More intense Rossby Waves in the northern hemisphere due to the existence of the Himalayas masks any long-term trend attributable to the background climate but the isolation of the southern vortex allows these tendencies to manifest and show up in the data more easily. The two main competing schools of thought on what controls the southern vortex's variability are that it's either the aforementioned influence from the background climate or ozone destruction from CFCs earlier in the 20th century have predisposed the Antarctic vortex to remain intense well into the early-mid 21st century as it tries to steadily recover.

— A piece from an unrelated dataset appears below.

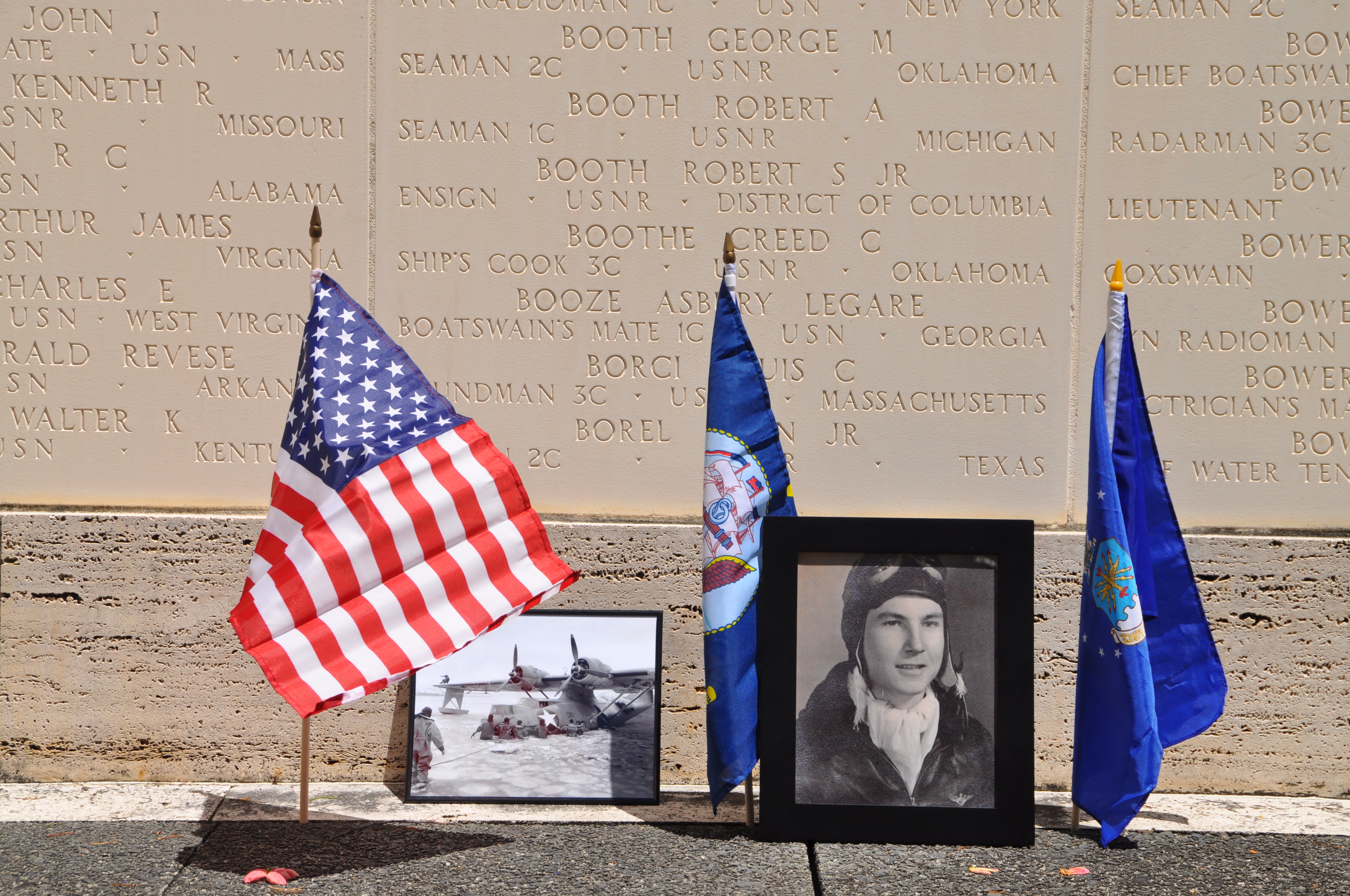 James “Jim” William Bolton died on January 17, 1944, when one of his Navy PBY-5 Catalina amphibious patrol plane engines exploded, and the plane crashed into the Pacific near Attu Island, Alaska. His body was never recovered. He was 23 years old. He is commemorated at the Honolulu Memorial on the Courts of the Missing in the National Memorial Cemetery of the Pacific in Honolulu, Hawaii, and on a marker in the Rosemont Cemetery in Newberry, South Carolina.

Other factors are likely contributing but there's no denying we've been observing a statistically significant positive, upward trend in the antarctic oscillation and intensity of the southern vortex over the course of the reliable record.
The northern vortex has also become more positive in the last few decades (i.e. more +AO/NAO since the satellite era began), but like I said earlier, because the Northern Hemisphere has huge mountain ranges, especially the Himalayas, which significantly amp up the intensity of the longwave troughs and ridges here, it's likely masking any underlying trend that would be due to CFCs, a warming background climate, other lurking variables or all of the above.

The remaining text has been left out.